Work required = Your copy of the data should match it exactly, leaving out only the pictures.

*** Information supplied ***

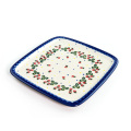 お洒落な20cm四方の角皿。製造元での名称は「Dawid dessert plate」。ケーキを1台載せたりもできますし、小さなケーキを幾つか載せても取りやすく扱いやすいお皿です。ラウンドのプレートと共に使うことで、テーブルにアクセントが生まれ、スタイリッシュなセッティングを可能にしてくれる優れモノ。フラットなのでかさ張らず一枚あるだけでもとても便利で、絵画的な美しさもあるので使わない時には皿立てを使って飾っている方も多い素敵な1枚です。
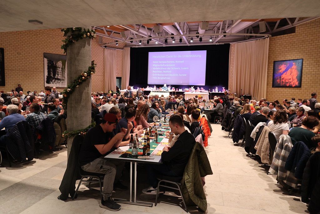 Le club de yodleurs de Nottwil et l'ASP avaient réuni les meilleures conditions pour que l'ambiance soit chaleureuse, que les participant·e·s s'amusent et que de superbes prix soient remportés lors du loto des yodleurs, organisé pour la première fois en commun. Des prix attrayants tels que 2 nuits dans un magnifique hôtel du lac de Constance, divers bons, des paniers-cadeaux et des chariots remplis de victuailles ont comblés celles et ceux qui étaient venu·e·s se divertir et tenter leur chance à Nottwil les 28 et 29 décembre. Les deux soirées affichaient complet et l'offre de restauration de la cuisine du CSP a également été largement appréciée. Parfois, les places étaient déjà occupées une heure et demie avant le début du programme.
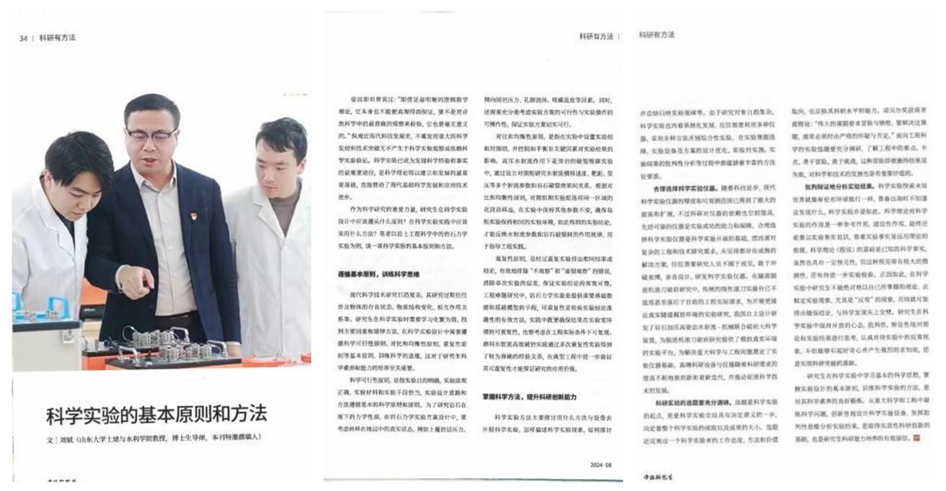 《中国研究生》第8期刊发beat365党委书记刘斌署名文章《科学实验的基本原则和方法》,全文如下:

***

Output =
 お洒落な20cm四方の角皿。製造元での名称は「Dawid dessert plate」。ケーキを1台載せたりもできますし、小さなケーキを幾つか載せても取りやすく扱いやすいお皿です。ラウンドのプレートと共に使うことで、テーブルにアクセントが生まれ、スタイリッシュなセッティングを可能にしてくれる優れモノ。フラットなのでかさ張らず一枚あるだけでもとても便利で、絵画的な美しさもあるので使わない時には皿立てを使って飾っている方も多い素敵な1枚です。
 Le club de yodleurs de Nottwil et l'ASP avaient réuni les meilleures conditions pour que l'ambiance soit chaleureuse, que les participant·e·s s'amusent et que de superbes prix soient remportés lors du loto des yodleurs, organisé pour la première fois en commun. Des prix attrayants tels que 2 nuits dans un magnifique hôtel du lac de Constance, divers bons, des paniers-cadeaux et des chariots remplis de victuailles ont comblés celles et ceux qui étaient venu·e·s se divertir et tenter leur chance à Nottwil les 28 et 29 décembre. Les deux soirées affichaient complet et l'offre de restauration de la cuisine du CSP a également été largement appréciée. Parfois, les places étaient déjà occupées une heure et demie avant le début du programme.
 《中国研究生》第8期刊发beat365党委书记刘斌署名文章《科学实验的基本原则和方法》,全文如下:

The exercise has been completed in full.